How was yours & how did the Karachi lot find the paper? What marks do you expect to get?


----------



## Dark Knight (Sep 16, 2013)

Same with me Bio was easy, yet phycics was difficult. Everyone in karachi, atleast the ones I talked to, share the same opinion. Well I cant predict anything. Every year people get screwed up by sci and math reasoning. I was very exhausted when I started math and sci reasoning. While attempting sci reasoning I just couldnt concentrate so im sure I made alot of mistakes in it. I just hope I clear this test!


----------



## SOConfused (Nov 9, 2013)

I SO know what you mean! I had pulled an all-nighter before the test so I was just beat. That & having no idea what the time was completely rattled me! I hope I make it through too! 
Did you manage to solve the frequency question? Doppler's effect wala? & what did you get for the 4n chromosome number one?


----------



## Dark Knight (Sep 16, 2013)

Well I really dont remember


----------



## SOConfused (Nov 9, 2013)

Lol, ok. 
Let me know your Aku result when it comes, ok?


----------



## Dark Knight (Sep 16, 2013)

Sure


----------



## SOConfused (Nov 9, 2013)

Did you get the letter??


----------



## taiyab (Oct 26, 2014)

can u please tell me which topic was given this year for essay writing?


----------



## MSDD (Nov 23, 2013)

taiyab said:


> can u please tell me which topic was given this year for essay writing?

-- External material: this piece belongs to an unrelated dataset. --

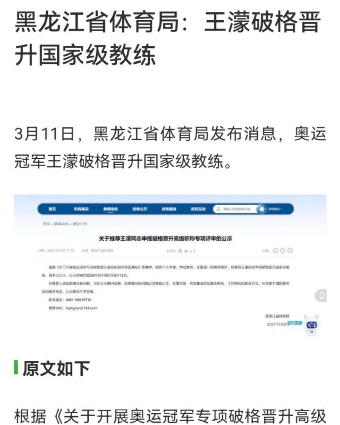 王濛拟被破格晋升王濛拟被破格晋升国家级教练 黑龙江省体育局发布公示:《关于推荐王濛同志破格晋升高级职称(国家级教练)专项评审的公示》,经个人申请、单位推荐及主管部门审核,拟推荐王濛同志破格申报国家级教练职称评审。
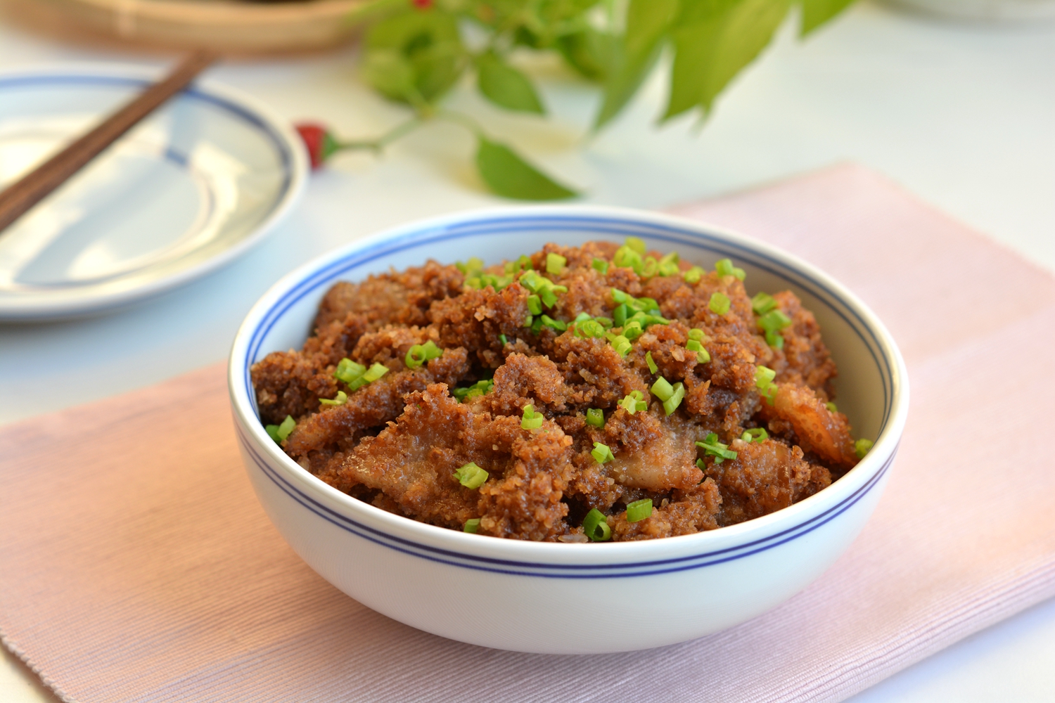 粉蒸肉,是将腌透入味的肉片裹一层米粉再上锅蒸。浸透了油脂的米粉软糯有滋味,肉片也因油脂渗入米粉中糯而清香,酥而爽口,米粉油润,香味比较浓郁。

There was no essay writing question this year! Pattern has been changed.


----------



## taiyab (Oct 26, 2014)

Does it mean that there won't b any essay question next year too?


----------



## MSDD (Nov 23, 2013)

Probably, yes.


----------



## anjiedoesmed (Nov 23, 2014)

Did any of you get in?


----------



## taiyab (Oct 26, 2014)

i will be applying coming year


----------